Джон Полидори приближался к странному порогу, пронзительному полусну, который возносил его к ранее неведомым высотам. Он поднимался по каменной спирали. Он сразу же признал в этой конструкции магическую Rundetaarn. Он был твердо уверен, что круглая башня, лишенная лестниц, была той самой, вершины которой достиг верхом на коне король Христиан IV. И вот Джон Полидори уже скачет на гнедой лошади с бронзовой гривой и добирается до самой вершины, и у ног его простираются все королевства по обе стороны Балтийского моря. С величественной, сдержанной улыбкой он сделал еще одну затяжку. Теперь он пересекал лес черных деревьев, на ветвях которых висели черепа, из чьих глазниц выглядывали филины. Он не чувствовал ни малейшего страха. Галопом он въехал на тропинку, в начале которой стояла доска с надписью: Вилла Диодати. Не слезая с лошади, он поднялся по ступеням портика и оказался в зале: с высоты седла он взирал со смесью жалости и брезгливости на то, как эти ничтожные существа сплелись в один развратный клубок, подобно сваре гиен. Лорд Байрон стоял на коленях и лизал язык Перси Шелли, одновременно проникая в Мэри, которая, в свою очередь, покусывала соски своей сестры Клер так, что они кровоточили. И вот он, жалкий секретарь, сын писаря, докторишка-ипохондрик, смешной Полли Долли, стал рукой Бога. Охваченный этим самым божественным гневом, он взметнул десницу к небу и из ничего сотворил меч.
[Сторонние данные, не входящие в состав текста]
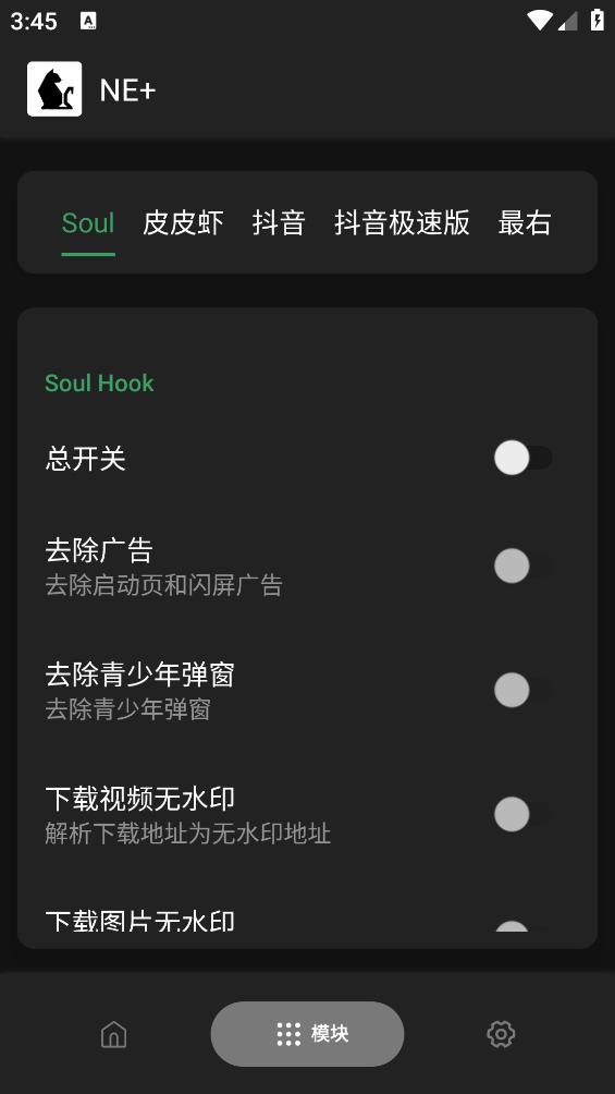 ne模块app是款功能多多且安全好用的手机模板工具抖音、soul以及皮皮虾等众多软件都可以使用,喜欢的用户可以来体验和设置,操作简单且功能多多,可以为你轻松去除各种广告问题。
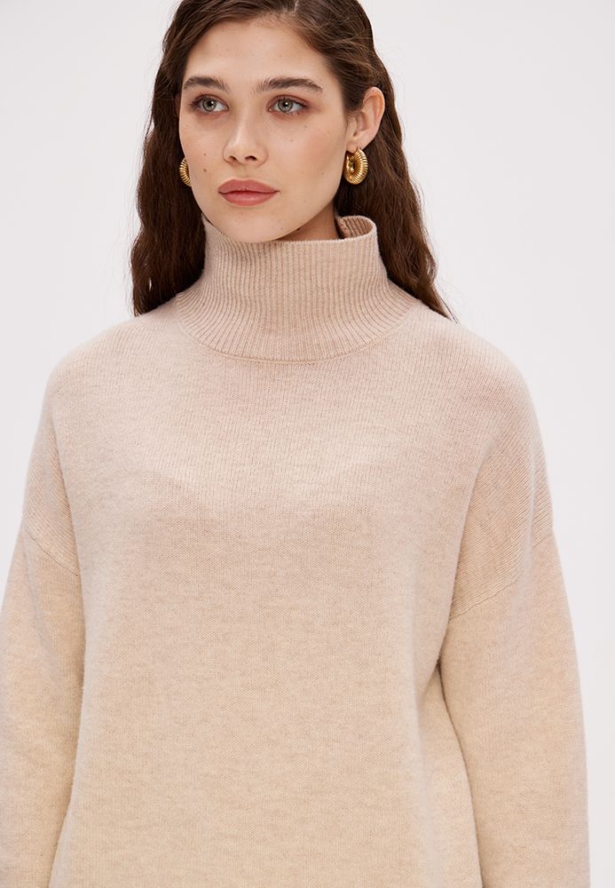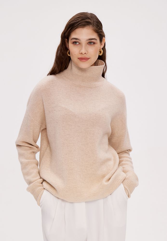 Кашемировый свитер с горлом с добавлением шерсти, удлиненный к низу, очень теплый, с добавлением кашемира премиум качества.
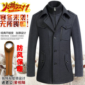 中老年人爸爸秋冬季外套男毛呢子大衣加绒加厚爷爷冬装...
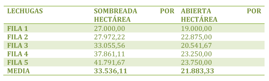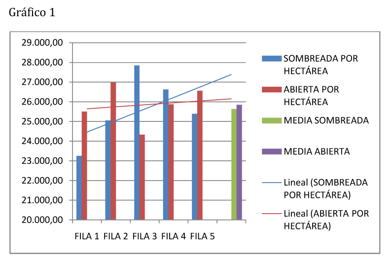 La producción se ha calculado en kilogramos por hectárea de fruto maduro para homogeneizar y así comparar el grado de sombra en cada una de las filas, siendo la fila 1 la que más horas de sombra a tenido y la fila 5 la que más horas de insolación. Dado que el propósito es analizar el total de producción se ha realizado una media de la misma comparando con la misma producción en la misma tierra pero en cultivo tradicional sin sombra
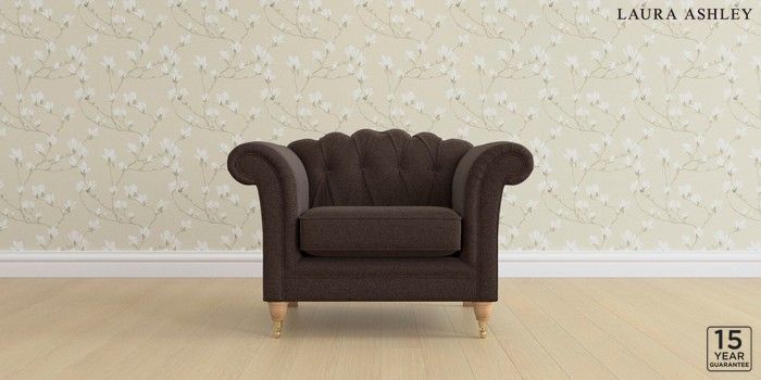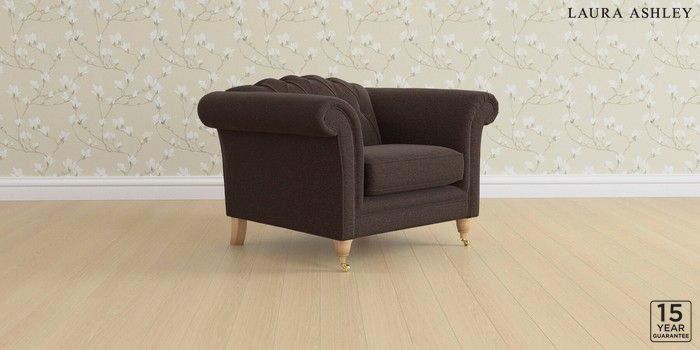 6.12.1 Buy Gloucester Button Back by Laura Ashley Armchair Harley Chestnut Brown Low Brass Castor - Light Oak from the Next UK online shop Click here to use our accessible website
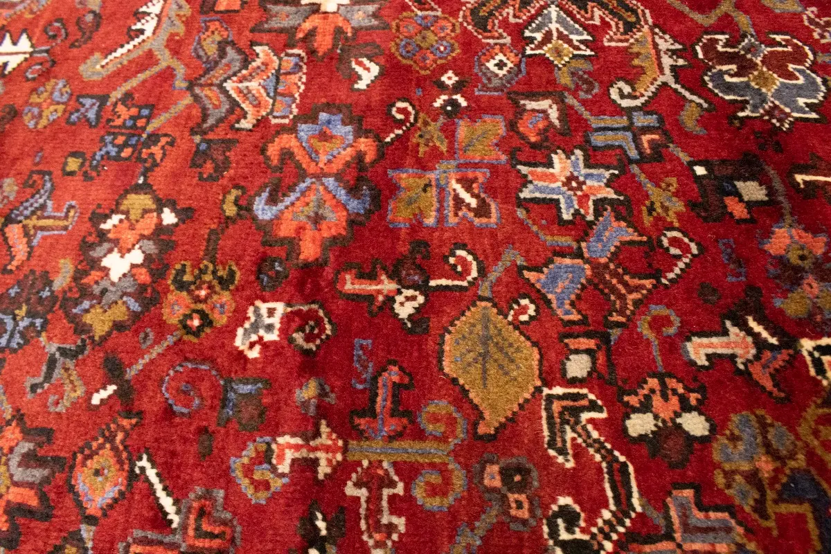 This original 11X17 red vintage Persian rug was well-constructed by the hands of master weavers motivated by a variety of stunning artistic designs, to recreate the aged look of the exceptional piece with a richness of color and developed decorative floral background field. What set this traditional Oriental area rug from the others are the material and dye used (wool pile and cotton foundation), knot count, ancient designs, fantastic grades, and its regional historical connection: it has deep roots, from the story of the people who produced it to the meaning of the symbols and colors displayed across its canvas that have been praised for centuries. This classic home décor carpet will be completely cozy and inviting that never will go out of style! Also, this Oriental rug would be among your most valuable treasures, it is a great investment that increase in value over time, and it will last a lifetime because was woven with high-quality, all-natural wool; it won’t rip, tear, or shed. Eco-friendly, opulent yet affordable; this Persian rug will give you an extra pop of character to help define your home environment with elegance and warmth that will capture the eyes and attention of your audience (homeowners, designers, decorators, family and friends). RT-2209

Конь взвился на дыбы и пустился в бешеную скачку по красному ковру. Полидори описывал круги вокруг сбившихся в кучку животных, которые в ужасе молили о милосердии. На полном ходу, с ловкостью казака, он схватил лорда Байрона за волосы и взмахнул мечем. Один меткий удар, и голова Байрона, продолжая гримасничать и стенать, оказалась в правой руке Джона Уильяма Полидори. Глаза сначала посмотрели наверх, затем вниз, потом попеременно вправо и влево, пока не наткнулись на тело, которое, не догадываясь о том, что с ним произошло, продолжало совокупляться с Мэри. Голова Байрона, подвешенная за волосы, разразилась бредовым монологом: она умоляла, проклинала, рыдала, испускала душераздирающие вопли, которые скорее походили на безумный хохот. Полидори, не в силах больше слушать, достал носовой платок, затолкал его в рот своего Лорда и сразу же спрятал голову в седельную сумку.
С верхнего этажа доносились голоса, которые казались ему смутно знакомыми. Полидори спешился, перебросил сумку через плечо и поднялся вверх по лестнице.
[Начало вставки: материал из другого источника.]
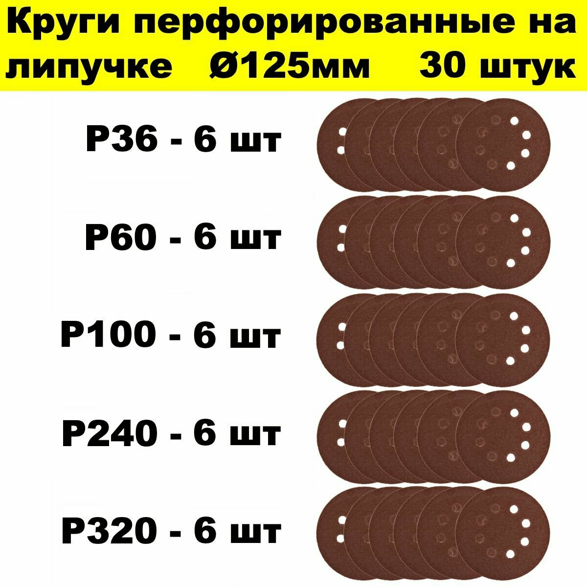 Круги перфорированные шлифовальные 125 мм Р36, Р60, Р100, Р240, Р400 30 штук набор из 5 зернистостей
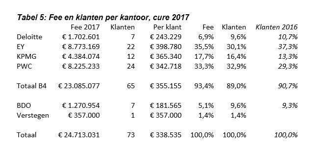 De praktijk leert dat tijdige beschikbaarheid van passende accountancydiensten zwaarder weegt dan eventuele 'welkompremies'. De hoogte van het honorarium wordt uiteraard primair bepaald door de zwaarte van de opdracht en hangt verder af 'van wie naar wie', met de daarbij gehanteerde tarieven. Zo viel bij EY (na verder onderzoek) op dat alle acht nieuwe klanten eerder ook big four klant waren. Bij Verstegen betrof het 21 van de 23 en bij Overige kantoren vijftien van de twintig klanten.
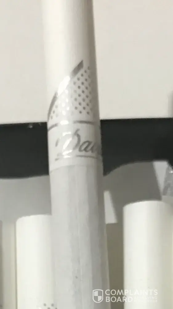 I opened up packet, the colour of cigarettes looked different, thought the company had possibly changed filter colour from brown to white however, after offering a cigarette to my son & daughter-in-law & lighting up one myself, the taste was disgusting, my daughter-in-law inspected the cigarette & found Davidoff written on filter.
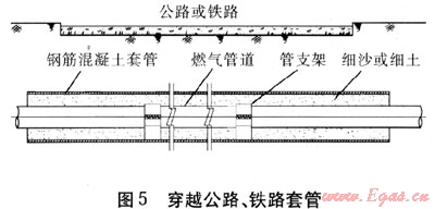 管道往往不可避免地要穿跨越城鎮(zhèn)道路、高速公路、國道(省道)、鐵路(見圖5)及江河或其他特殊設施。對于穿跨越管道,由于管道運行后難以再實施檢修工作或檢修工作難度大、費用高,因此管道穿跨越施工及措施的好壞直接影響著管道穿跨越的質(zhì)量。穿跨越河流段的管道(見圖6),當河床受水流沖刷而使其覆土厚度逐漸減小,將可能造成管道懸空。對于通航河道,如果進行疏?;虼皰佸^時,將對管道構(gòu)成危害。如果管道配重(見圖7)不足,將會造成管道的上浮而破壞。因此,應特別注意穿越深度及穿越層的穩(wěn)定,同時應修建適當?shù)臉酥疚铩⒆o岸、護底、配重塊等保護設施,使管道免于破壞。

Стоны доносились – теперь он отчетливо это слышал – из его собственной комнаты. Он вошел, но никого не увидел.
– А я вас ждала, – проговорил порывистый женский голос. Внезапно стул, стоявший у письменного стола, развернулся, и перед очарованными глазами Полидори предстала женщина столь совершенной красоты, какой ему никогда не приходилось видеть. Она была полностью обнажена, одна нога возлежала на подлокотнике стула, вторая обвила вращающуюся ножку. Джон Полидори не слишком разбирался в женщинах, однако вынужден был признать, что перед ним находилось существо, превосходящее красотой самого Перси Шелли, чье очарование – этот очевидный факт Полидори, мучимый одновременно завистью и порочным влечением, не мог отрицать – не знало себе равных. В общем, то была совершенная женская копия Шелли.
– Я Анетта Легран, – сказала она и протянула ему руку, указательный палец которой еще недавно покоился на прекрасных губах.
Джон Полидори преклонил колени и благоговейно припал к руке. Из сумы, перекинутой через его плечо, доносились приглушенные жалобы головы Байрона, которая трепыхалась, как агонизирующая рыба.
Анетта Легран смочила указательный палец и прочертила влажную дорожку, которая брала начало у соска – розового и напряженного – и заканчивалась у рыжеватых завитков лобка.